El beneficio para México podría ser todavía mucho mayor, a no ser por el drama que se vive en el sector energético, en donde las exportaciones de crudo mexicano se desplomaron en monto, porque aunque en junio de 2026 exportamos 648 mil barriles diarios de crudo contra los 520 que exportábamos en junio de 2025, el déficit anual es descomunal. Exportamos energéticos por 9 mil millones de dólares, pero importamos combustibles por 21 mil millones de dólares. Y eso sin contabilizar el llamado “huachicol fiscal” que es registrado como aceite barato, no como gasolina ni diésel. Es decir, el déficit energético es mucho mayor a los 12 mil millones de dólares reportados en este primer semestre de 2026. Si ese déficit energético no existiera, el superávit se elevaría de 9 mil millones de dólares a 21 mil millones de dólares.
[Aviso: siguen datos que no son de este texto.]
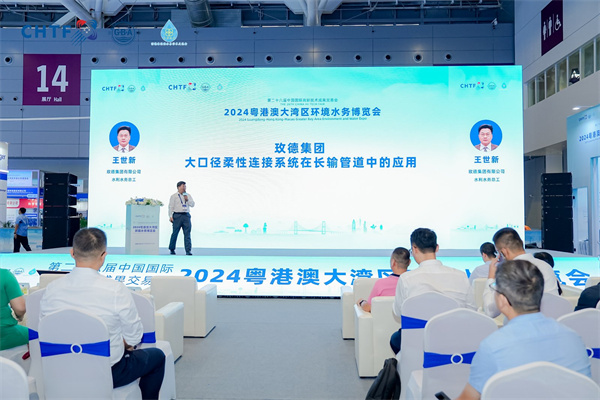 11月14日下午,玫德集团市政BG水利BU副总裁、水利水务总工王世新参加供水专业论坛(品牌发布)分享了《大口径柔性连接系统在长输管道的应用》,验证了柔性沟槽钢管连接管道系统抗震、抗压、抗沉降的优势,满足极限过载强度要求,安全可靠。并且玫德集团大口径管道沟槽连接技术经水利部专家鉴定为:产品国际先进,推广价值巨大,列入水利部产品推广目录。
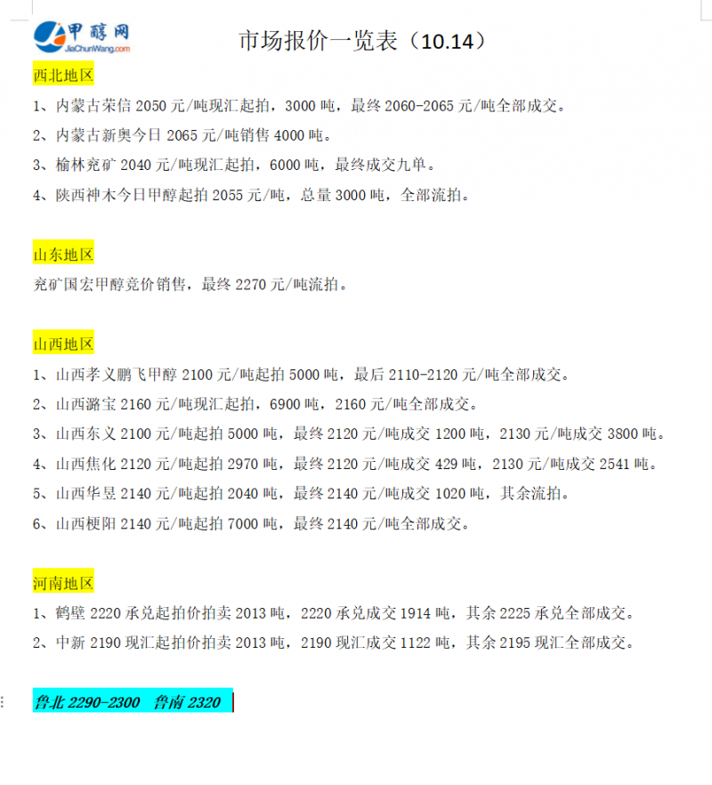 市场动态一览表(10.14)
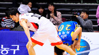 [OSEN=잠실실내체,지형준 기자] 17일 오후 서울 잠실실내체육관에서 열린 '2010~2011 현대모비스 프로농구' 서울 삼성과 부산 KT의 경기, 1쿼터 삼성 차재영이 KT 조성민의 다리에 걸려 넘어지고 있다. / jpnews@osen.co.kr
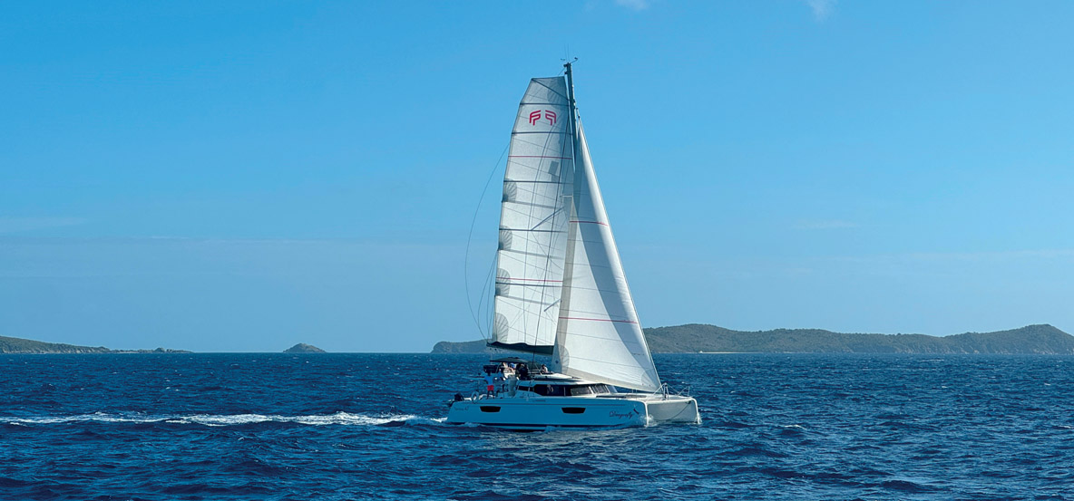 Arriver avant le début d’un événement qui réunit de nombreux multicoques présente un intérêt : il est possible de participer, par exemple, à un shooting photo depuis longtemps attendu. Si Fountaine Pajot assure d’ordinaire de généreuses productions de photos et de vidéos lors des lancements de chacun de ses nouveaux modèles, il y a eu un bug avec le Tanna 47, sorti à la fin de l’épisode de Covid-19. De fait, c’est le seul modèle du catalogue de la marque dont les photos d’extérieur se limitent à quelques vues au mouillage, avec le pont de l’île de Ré en fond… L’objectif de cette sortie qui s’annonce est de shooter des belles photos et vidéos sous voile. Pour l’occasion, c’est Romain Motteau, directeur délégué de Fountaine Pajot, qui prend la main – ou plutôt la barre : il choisit pour cette sortie d’utiliser Dragonfly, un des Tanna 47 les plus récents de la flotte Waypoints Yacht Charters. Romain est épaulé par Laurent Fabre, vice-président d’Atlantic Cruising Yachts, et mon Captain Jay pour manœuvrer le catamaran au mieux. Quelques figurants sont bien sûr de la sortie. Le ciel se partage entre nuages et éclaircies ; le soleil est justement déjà bien haut dans le ciel quand nous sortons du port, mais l’alizé est déjà bien établi. On est un peu à la limite d’utilisation des drones et le vent devrait forcir encore ces prochains jours – alors on y va ! Pour ma part, je suis chargé de la prise d’images depuis le chase boat. L’objectif est de naviguer au large des rochers appelés The Indians. Un premier shooting un peu mouvementé démarre ; on enchaîne avec des bords dans l’entrée de The Bight, un vaste abri de Norman Island. L’équipage du chase boat me dépose ensuite à bord du Tanna. Nous partageons un déjeuner-baignade à quelques mètres des grottes de Treasure Point. Le spot est parfait pour la pratique du wingfoil, ce qui n’échappe pas à Romain. Las, les ailes qu’il vient de louer sont percées ; les bords seront de courte durée.

Y el otro sector en el que vamos perdiendo es en el agropecuario, en donde las exportaciones cayeron cerca del tres por ciento, con desplomes de hasta 59 por ciento en melón, sandía y papaya, caída de un 32.8 por ciento para el café en grano, reducción de un 29.8 por ciento menos en la exportación de aguacate y una baja del 24.6 por ciento en cítricos.
A pesar de todo, el superávit general del comercio exterior de México se mantiene en el primer semestre de este año -a nivel global- arriba de los 9 mil millones.
Y si queremos cerrar con un toque positivo, de optimismo, el reporte del efecto que los aranceles impuestos por el gobierno del presidente Donald Trump reporta que México es -y por mucho- el país menos afectado, superando a Canadá, Italia, Reino Unido y Corea.
Por eso decimos que, una ruta es la del discurso negativo y otra, muy distinta, la de los resultados positivos. El inquilino de la Casa Blanca podrá volver -como lo hizo ayer- a burlarse de México y de su presidenta, amenazando con castigos comerciales sin precedentes.
Pero, por los hechos, todo parece indicar que, al final del día, la estrategia de la “cabeza fría” aplicada por la presidenta Claudia Sheinbaum está dando sus frutos. Por eso, en esta ruta de anunciada colisión comercial, hay que actuar con el mantra de Alcohólicos Anónimos. Sobrios, un día a la vez.